# Community alert phone setup



## Kilkea (6 May 2012)

Hi all, I am doing some research on setting up a community alert scheme locally which involves group text. I have a few questions which I hope some of you kind folk could help me with:

Which do you think is the best way to send group text (100-150 numbers) considering the phone may be in the hands of technophobes at times? Just groups on the handset?

Does anyone know if I can pick the number at the operator? (probably Vodafone)
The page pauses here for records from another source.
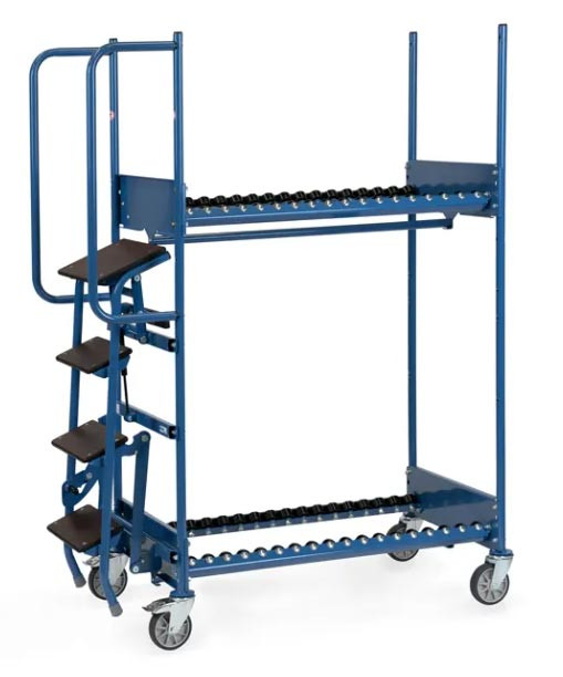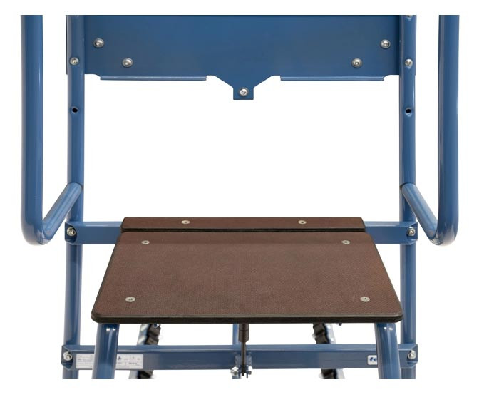 Le marchepied se soulève quand les marches sont libres et s'appuit sur le sol par le poids de l'utilisateur et bloque le chariot.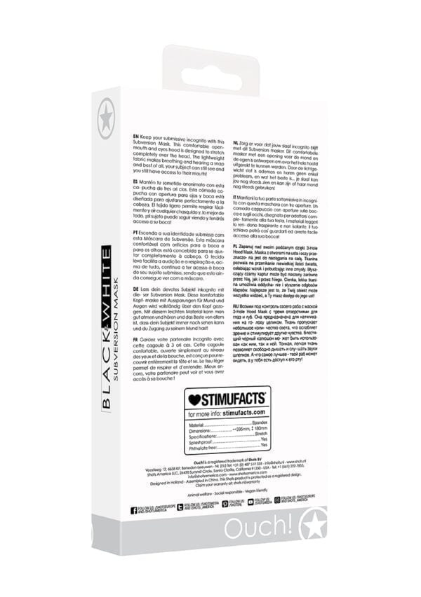 Door de lichtgewicht stof is ademen en horen geen enkel probleem, en wat het beste is… je slaaf kan jou nog steeds zien en kan zijn of haar mond nog steeds gebruiken!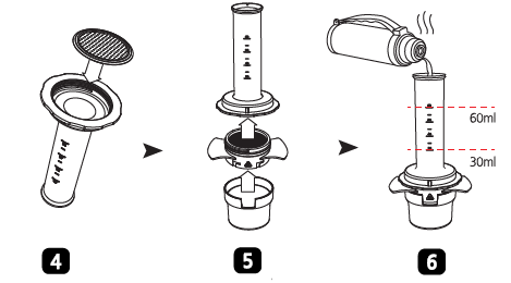 ![]() | KAMER (Materiaal: Polyethersulfon PES) De maatcilinderkamer is gemaakt van milieuvriendelijk materiaal en wordt gebruikt om heet water vast te houden. Er is een schaalverdeling gegraveerd om het nauwkeurige watervolume te meten (30 ml - 60 ml) |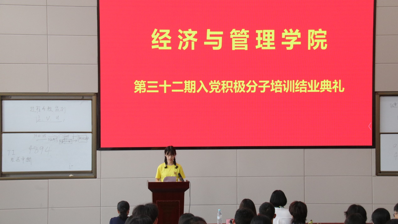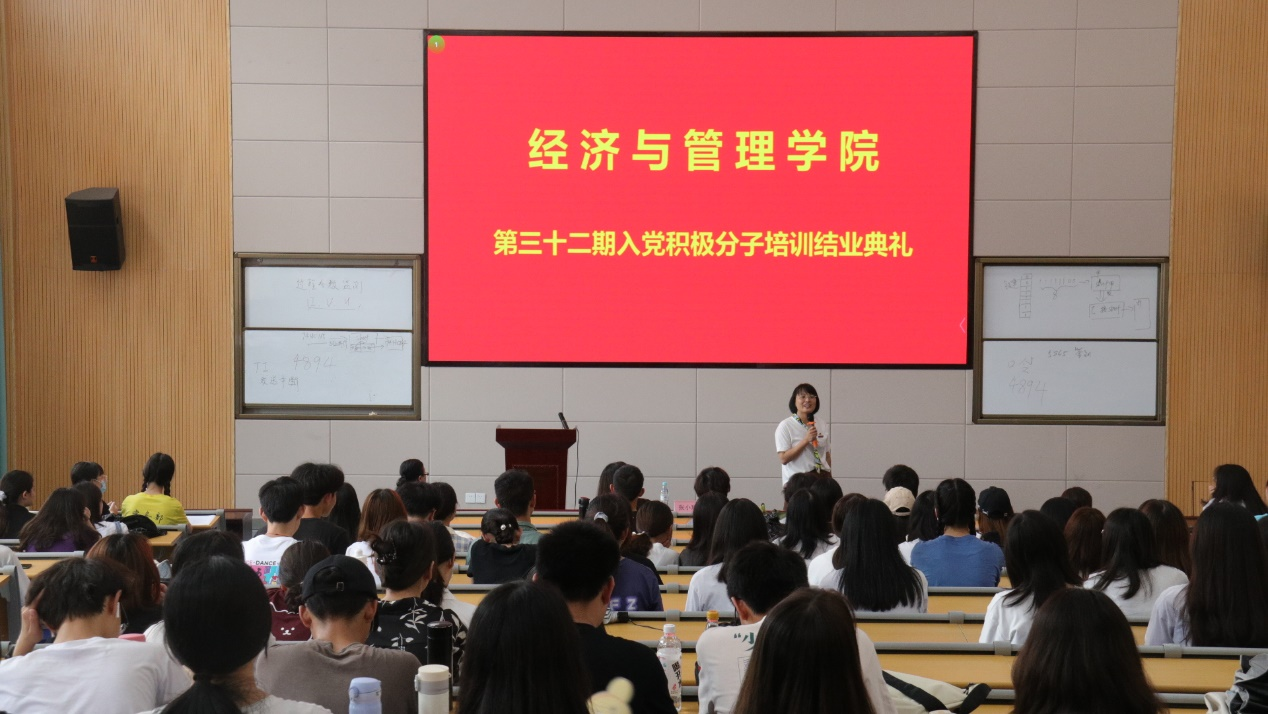结业典礼上,入党积极分子培训班学员代表陈苗表示:“路漫漫其修远兮,吾将上下而求索,我们将时刻以一名共产党员的标准来要求自己,请党组织在实践中考验我们!”张小玲、陈淑华两位老师为入党积极分子培训班学员代表颁发结业证书。结业典礼最后,张小玲建议所有学员要认真学习党史,可以先看《中国共产党简史》,再看《毛泽东选集》,以史为鉴,不断进步。她强调:“我们要多花时间做事,多读党史,砥砺前行。”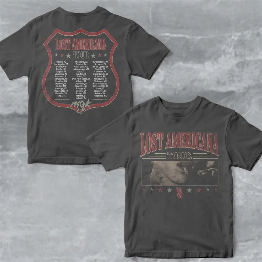 Machine Gun Kelly MGK Lost Americana Tour 2025 2026 Merch Smoking Photo With City List Vintage T Shirt, Sweatshirt & Hoodie
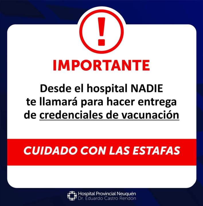 Desde el hospital Castro Rendón alertaron a la población de Neuquén por llamadas que usan el nombre de la institución con el fin de realizar estafas. Aclararon que no se contactan de manera telefónica para la entrega de credenciales sanitarias con el registro de los esquemas de vacunación de las personas.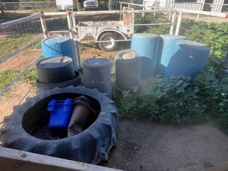 4 Blue Barrels, One large tractor tire, 2 Plastic Trash Cans, Random horse Feeders$60Chandler, AZ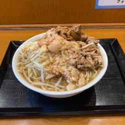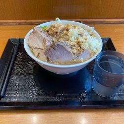 ニンニクマシマシ、野菜ふつう、アブラマシ。ブタはふた切れ。麺は200くらいと思う。麺も味付けも野菜もブタも全部うまい。割り箸もっと太くして。あと胡椒と一味も置いてほしい。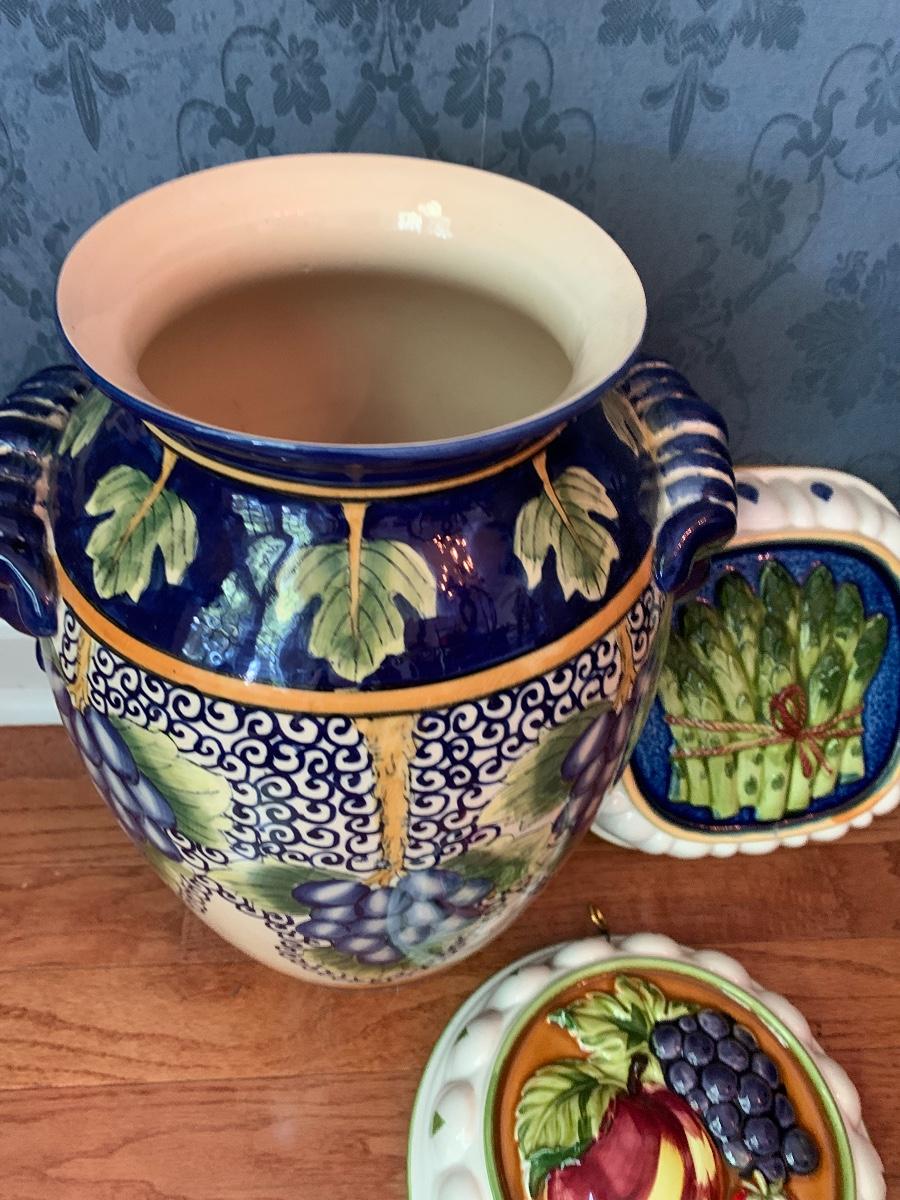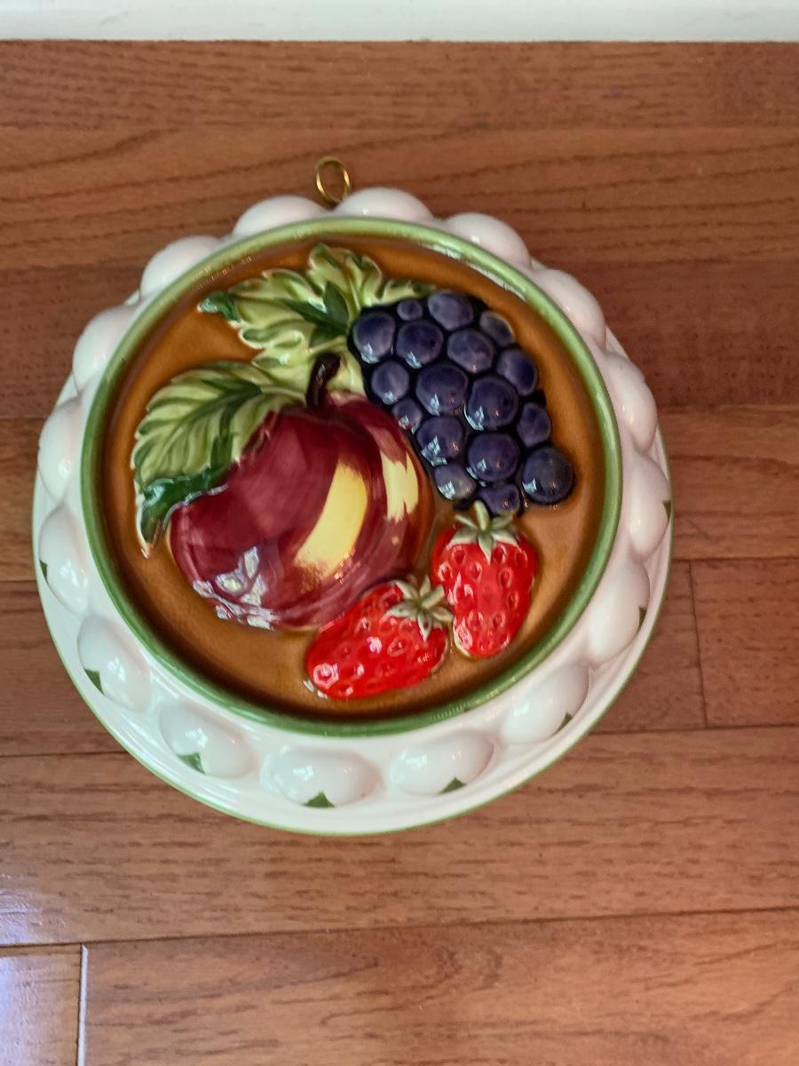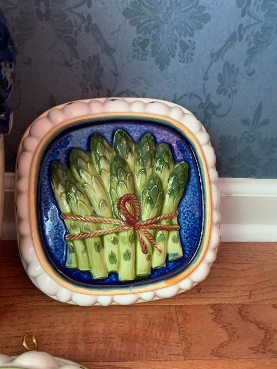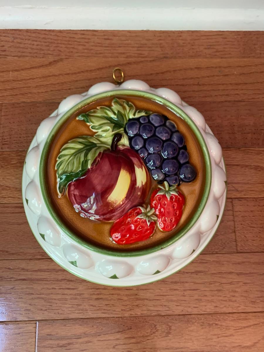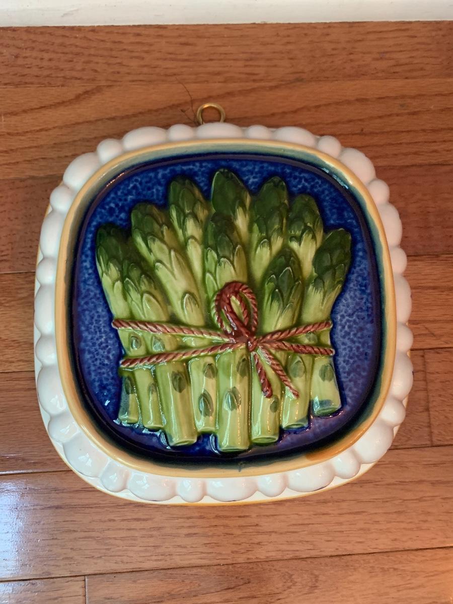 Large polished pottery vase with handles, Vintage Ceramic wall hanging plaque/mold - asparagus and fruit (8.5 x 8.5)
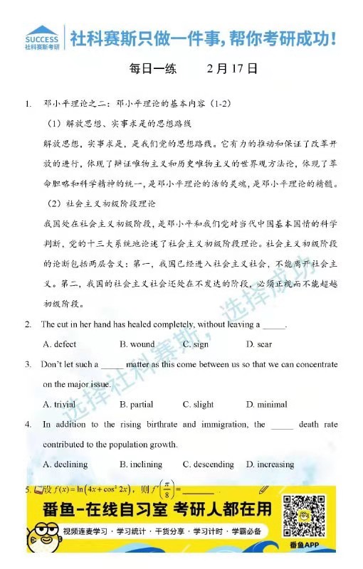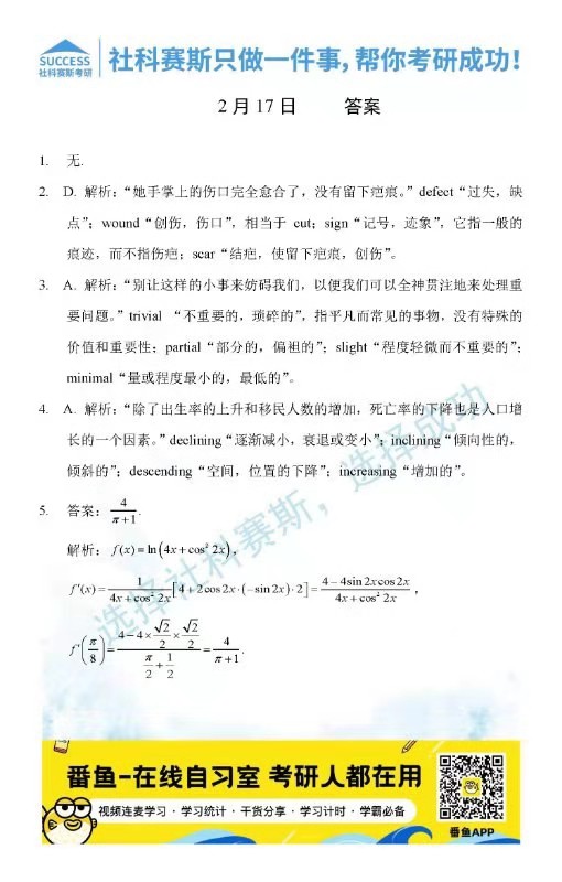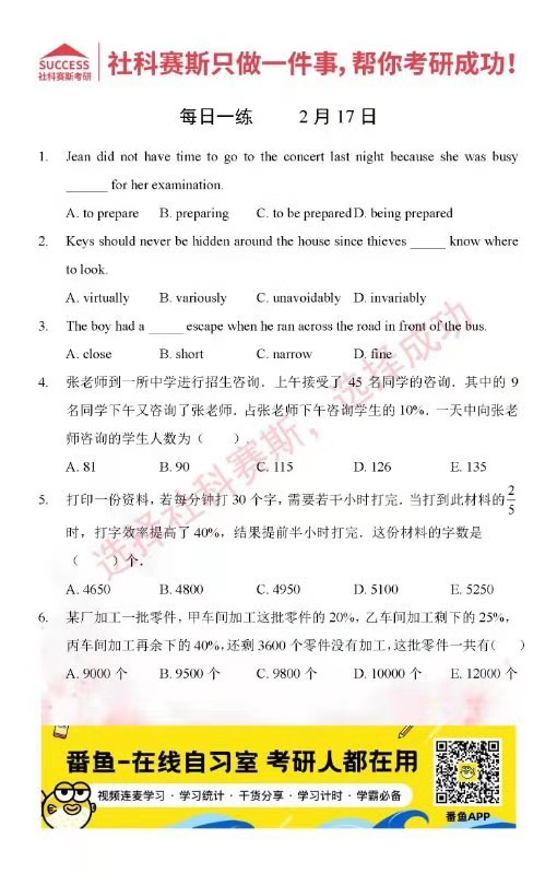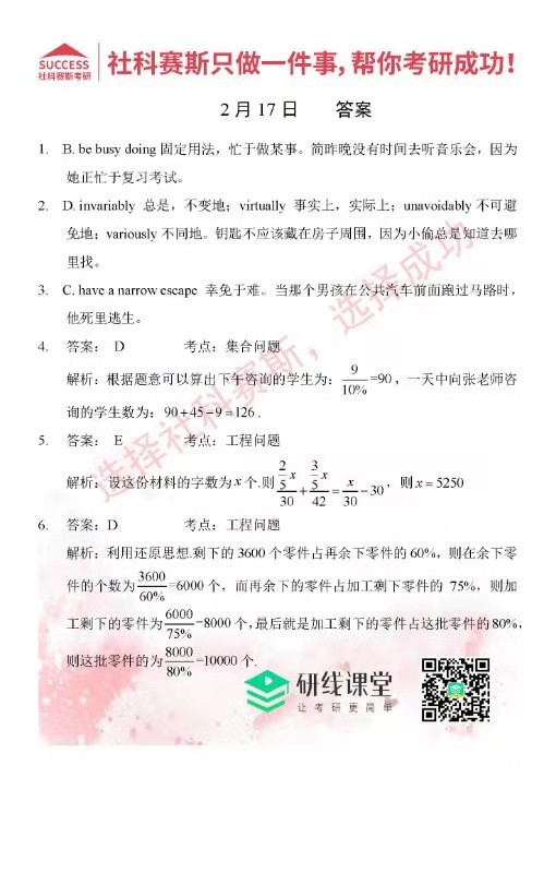 導讀:考研是一場持久戰,保持良好的學習習慣,是能確保復習高效的關鍵。今天社科賽斯MBA備考網小編整理了“2022管理類聯2月17日每日一練及答案”的內容,希望能對廣大考生有所幫助。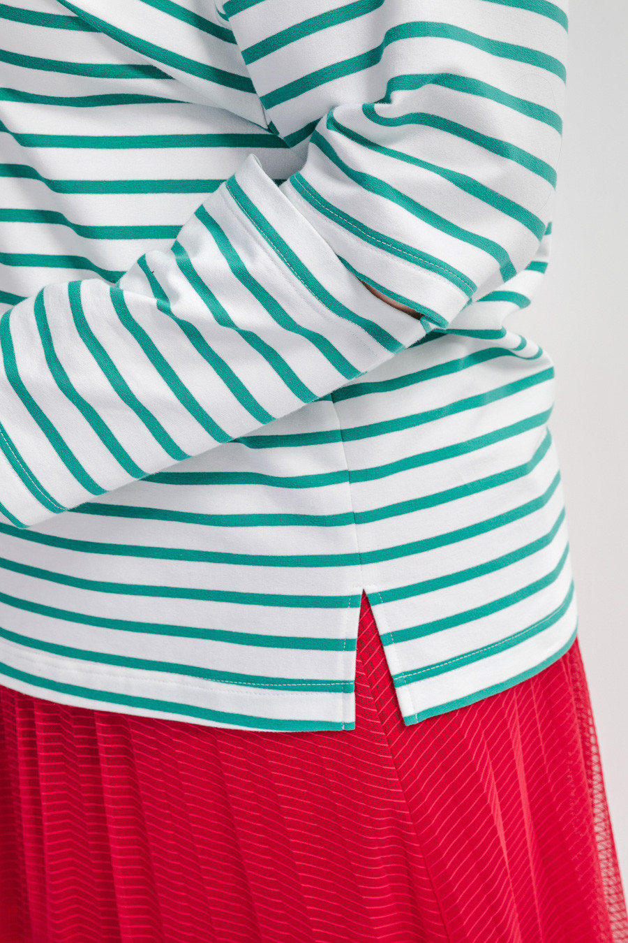 Лонгслив прямого свободного силуэта из хлопка эластаном. Идеально сочетается с брюками из подобной ткани или летящими юбками миди.
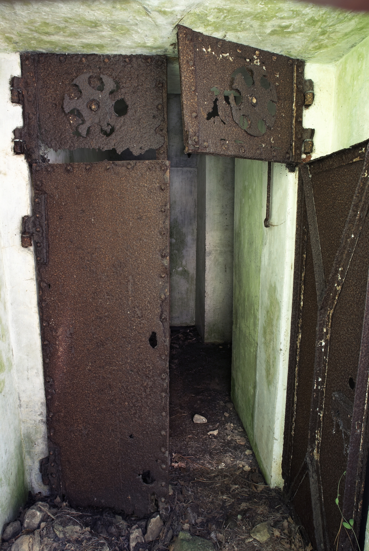 Vue de l'entrée du magasin à munitions. Il conserve du matériel de second œuvre : battants de porte et volets, gonds avec ventilation réglableImmatriculation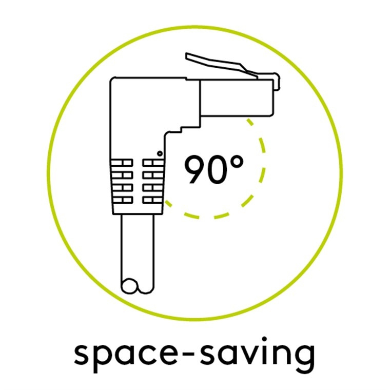 - 1x 90° vinklet RJ45-plugg er en ideell løsning på trange steder.

Looking at Samsung "Y" for €99 with Vodafone (€20 top up per month), anyone recommend?

Thanks a million


----------



## mathepac (7 May 2012)

I'm not sure what part the phone figures in this but you can certainly do better price-wise e.g. Tescomobile phone, 9.99 or 19.99, and 10 top-up buys you 20 credit and 200 free web-texts. I'm a customer and phone-calls & texts have never been so cost-effective; 20 years using contract phones, 12 months PAYG customer. 

Is the phone an emergency hot-line or an administrative tool to notify members of meetings?


----------



## Kilkea (9 May 2012)

Its a bit of both. Anyone in the community will text the phone and then the holder will text out the alert to everyone in the area, contact the Gardai etc.


----------



## nediaaa (9 May 2012)

hi,.
there was something similiar on Dragons Den a few weeks ago.
might be an idea to look it up.
it could potentially put people in danger if they try to intervene in a burgarly fir example


----------



## mathepac (9 May 2012)

Kilkea said:


> Its a bit of both. Anyone in the community will text the phone and then the holder will text out the alert to everyone in the area, contact the Gardai etc.


So nothing fancy then. I'd strongly suggest a low-end Tesco with €10 top-ups - they don't have to be monthly, just as you need them. Very cost-effective.


----------